A Brief Introduction to the Preprocessor
The most common technique for making it safe to include a header multiple times relies on the preprocessor. The preprocessor—which C++ inherits from C—is a program that runs before the compiler and changes the source text of our programs. Our programs already rely on one preprocessor facility, #include
. When the preprocessor sees a #include
, it replaces the #include
with the contents of the specified header.
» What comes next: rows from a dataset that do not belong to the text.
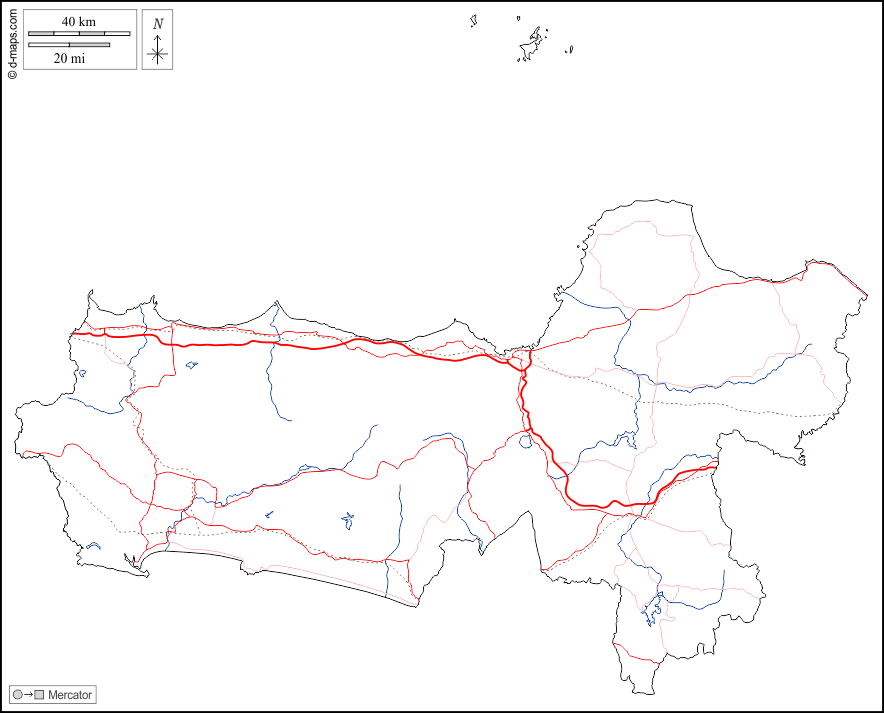 Asia > Indonesia > Giava Centrale > contorni, idrografia, strade, bianco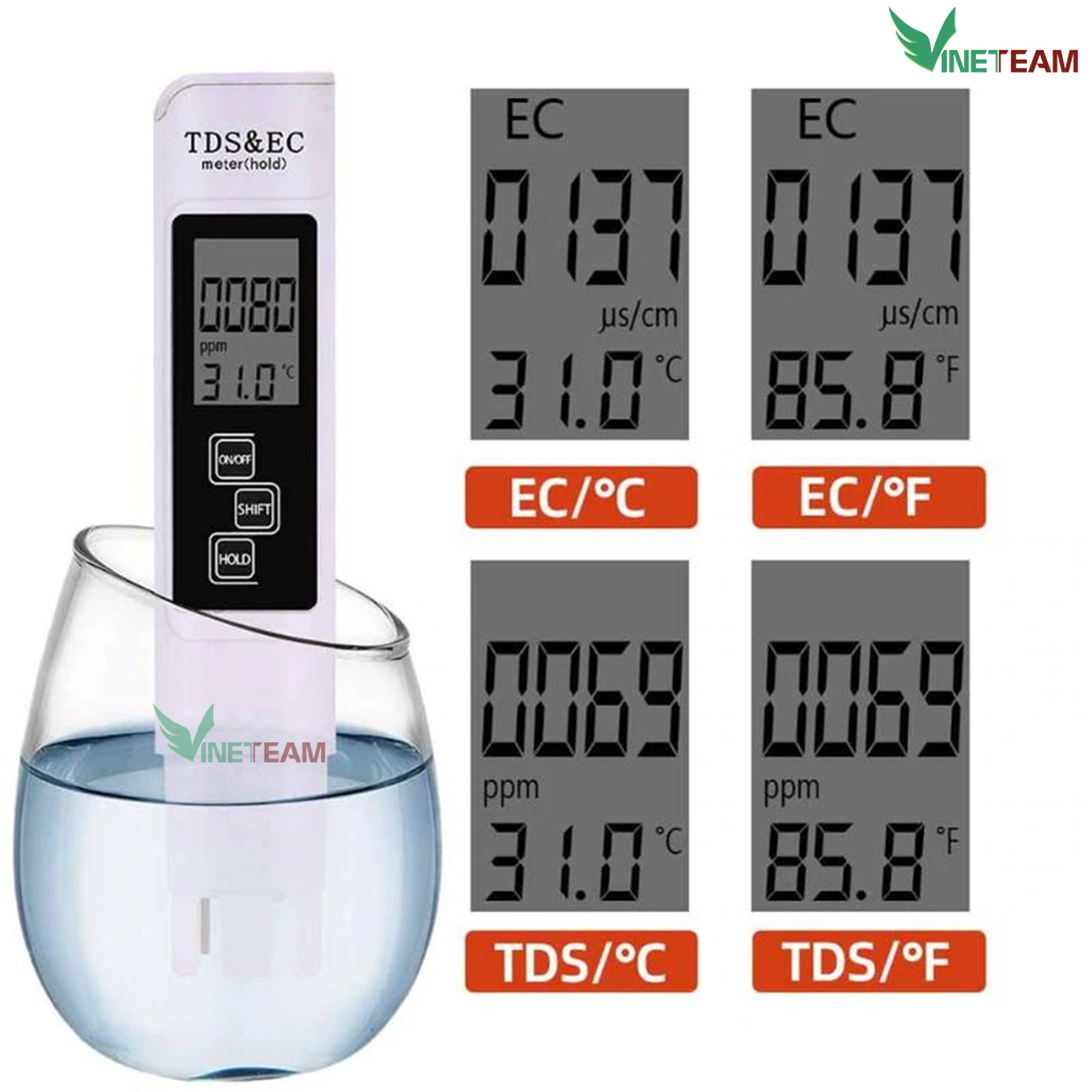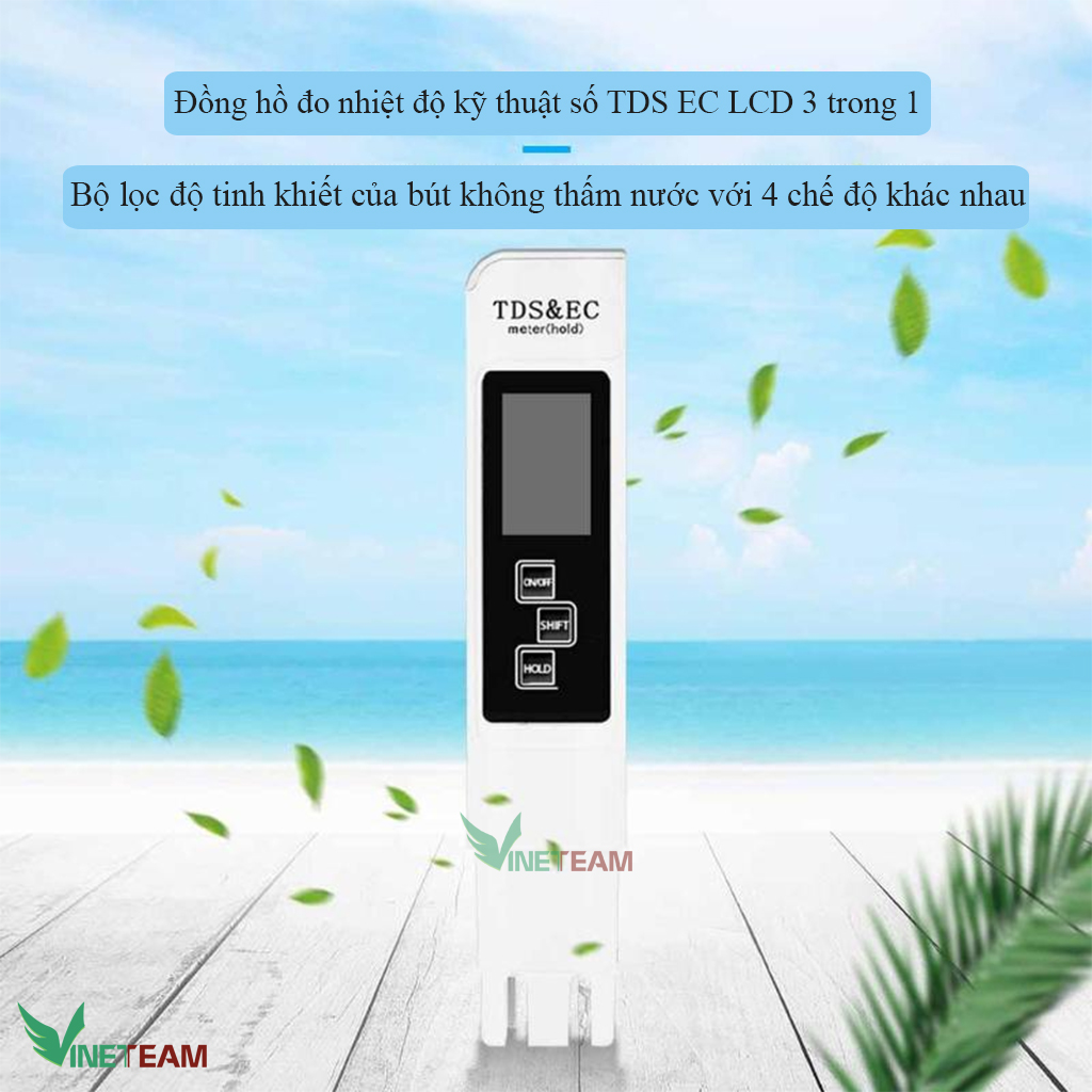 BÚT ĐO PH NƯỚC TDS EC PPM / TDS-3 HÀNG NHẬP KHẨU , MÁY KIỂM TRA CHẤT LƯỢNG NƯỚC LCD , BÚT THỬ NƯỚC SẠCH CAO CẤPVới sự phát triển khoa học công nghệ thi việc xuất hiện một sản phẩm thông minh và tiện ích là điều rất đỗi bình thường. VINET đang muốn nói đến BÚT ĐO PH NƯỚC TDS EC HÀNG NHẬP KHẨU , MÁY KIỂM TRA CHẤT LƯỢNG NƯỚC LCD , BÚT THỬ NƯỚC SẠCH CAO CẤP, là dụng cụ để kiểm tra chỉ số TDS của nước, chỉ số tạo ta dòng diện EC của nước, kiểm định mức độ tinh khiết cũng như nhiệt độ của nước. BÚT ĐO PH NƯỚC TDS EC HÀNG NHẬP KHẨU , MÁY KIỂM TRA CHẤT LƯỢNG NƯỚC LCD , BÚT THỬ NƯỚC SẠCH CAO CẤP là dụng cụ được sử dụng rộng rãi để kiểm tra nước uống, dùng trong phòng thí nghiệm, đảm bảo an toàn cho người sử dụng khỏi dịch bệnh, bệnh tật.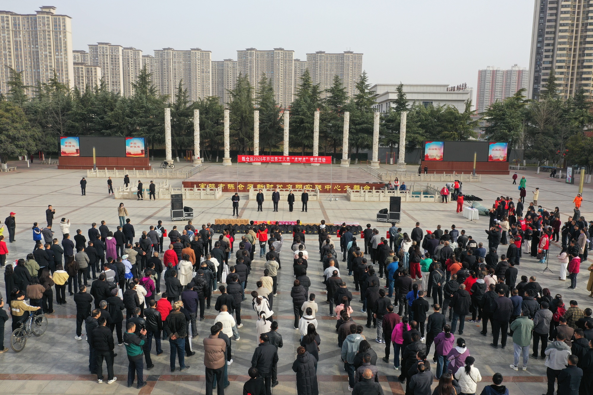 正月初六,陕西省宝鸡市陈仓区法治广场热闹喜庆,全区首批外出务工人员“点对点”欢送活动举行。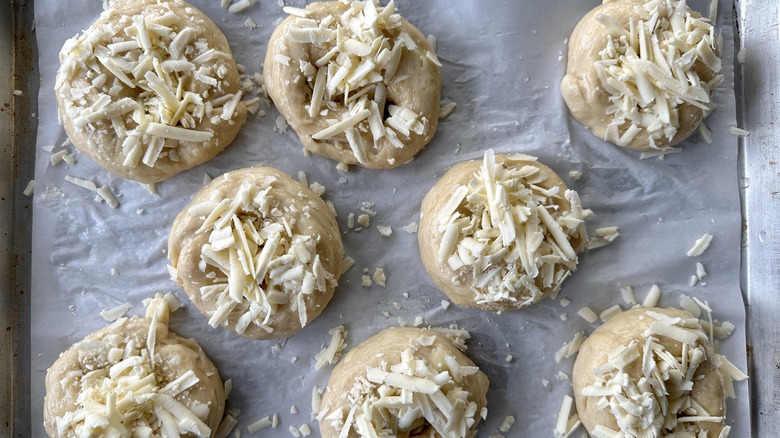 Transfer dough to a clean surface and knead in cubed cheese.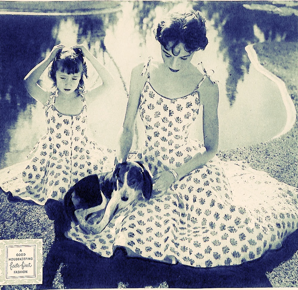 The charming picture of a mother and daughter wearing matching sundresses that you see was part of a fashion article in the June 1954 edition of Good Housekeeping magazine called Cool Cottons for You and Yours.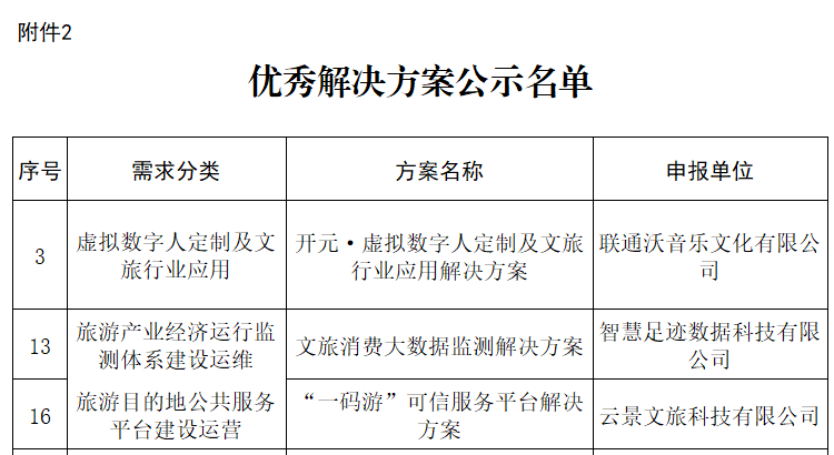 图1-文旅部智慧旅游“上云用数赋智”解决方案公示
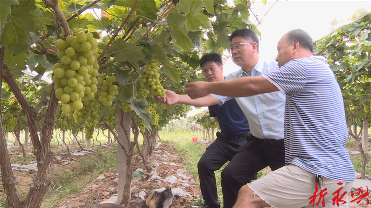 【永兴县融媒体中心8月10日讯】8月10日上午,永兴县融媒体中心直播组工作人员来到湘阴渡街道湘阴村提子产业扶贫基地,为即将启动的第六场“融媒体+扶贫助农”直播销售活动,进行现场踩点。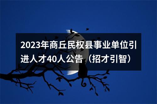声明:专注 2023年商丘民权县事业单位引进人才40人公告(招才引智) 相关岗位分析;专业指导面试技巧;保障就业成功概率。
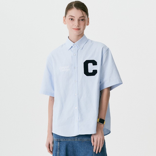 C Patch Short-Sleeved Sky blue Oxford Shirt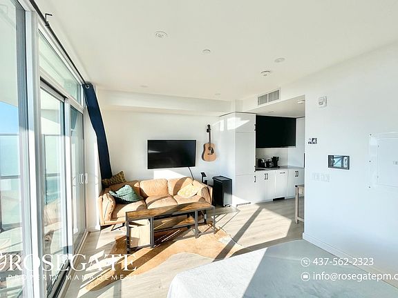 Studio condoOpen-concept layoutSleek modern kitchenUpdated finishesWell-appointed bathroomLarge windowsNatural light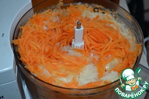 Морковь натереть на крупной тёрке. Лук мелко порезать. Я лук не режу, а вместе с морковью пропускаю через тёрку кухонного комбайна.

C++ programs also use the preprocessor to define header guards. Header guards rely on preprocessor variables (§ 2.3.2, p. 53). Preprocessor variables have one of two possible states: defined or not defined. The #define
directive takes a name and defines that name as a preprocessor variable. There are two other directives that test whether a given preprocessor variable has or has not been defined: #ifdef
is true if the variable has been defined, and #ifndef
is true if the variable has not been defined. If the test is true, then everything following the #ifdef
or #ifndef
is processed up to the matching #endif
.
We can use these facilities to guard against multiple inclusion as follows:
#ifndef SALES_DATA_H
#define SALES_DATA_H
#include <string>
struct Sales_data {
std::string bookNo;
unsigned units_sold = 0;
double revenue = 0.0;
};
#endif
The first time Sales_data.h
is included, the #ifndef
test will succeed. The preprocessor will process the lines following #ifndef
up to the #endif
. As a result, the preprocessor variable SALES_DATA_H
will be defined and the contents of Sales_data.h
will be copied into our program. If we include Sales_data.h
later on in the same file, the #ifndef
directive will be false. The lines between it and the #endif
directive will be ignored.
WARNING
Preprocessor variable names do not respect C++ scoping rules.
Preprocessor variables, including names of header guards, must be unique throughout the program. Typically we ensure uniqueness by basing the guard’s name on the name of a class in the header. To avoid name clashes with other entities in our programs, preprocessor variables usually are written in all uppercase.
TIP
Best Practices
Headers should have guards, even if they aren’t (yet) included by another header. Header guards are trivial to write, and by habitually defining them you don’t need to decide whether they are needed.